The importance of the subaltern

Ranajit Guha, writing in 1982, was the first to consider, within Indian Marxism, the structure of subaltern consciousness. Questioning the incidental place given to the peasant in what I have called Marxist-nationalist frames, Guha proposed a re-cognition of the subaltern – here the local peasant – as political and politicised, and not merely a cog in the wheel or an included member of a revolution conceived of by the vanguard. In re-conceptualising or re-discovering (it is not clear which) the political, the Subaltern School, up until the time of Subaltern Studies IV, brought up an analysis of colonialism that challenged early and neo-colonialist historiographies, as dominance without hegemony in at least the first fifty years of its existence. This suggested that colonial power had not only not worked with the active consent of ‘the people’; it had placed everything before colonial time in the zone of non-history, and by extension, in the zone of the pre-political. Nationalist historiographies had followed the same patterns in addressing the peasant, thus leaving out the 'politics of the people' (Guha 1982). The Subaltern Studies School up until Subaltern IV, then –

1.     Raised the question of subaltern consciousness.
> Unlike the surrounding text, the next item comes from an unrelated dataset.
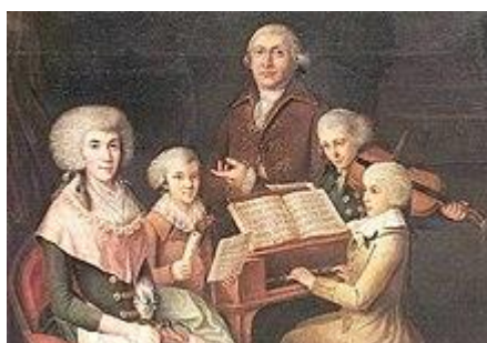
Figura H: Firenze: Mozart al clavicembalo

ASCOLTO/VIDEO: musica di Mozart associata a immagini di Rovereto https://youtu.be/lckukrV5iRs

2.     Uncovered the 'role of the peasant in nationalist movements' as the subaltern domain of politics – a domain separate from the 'elite' nationalist domain – rather than an un-political 'sticks and stones' activity.

3.     Re-read colonialism as a discourse of dominance without hegemony, that resulted in separate elite and subaltern domains of politics.

4.     Challenged existing ‘elite historiography’ - both colonialist and nationalist.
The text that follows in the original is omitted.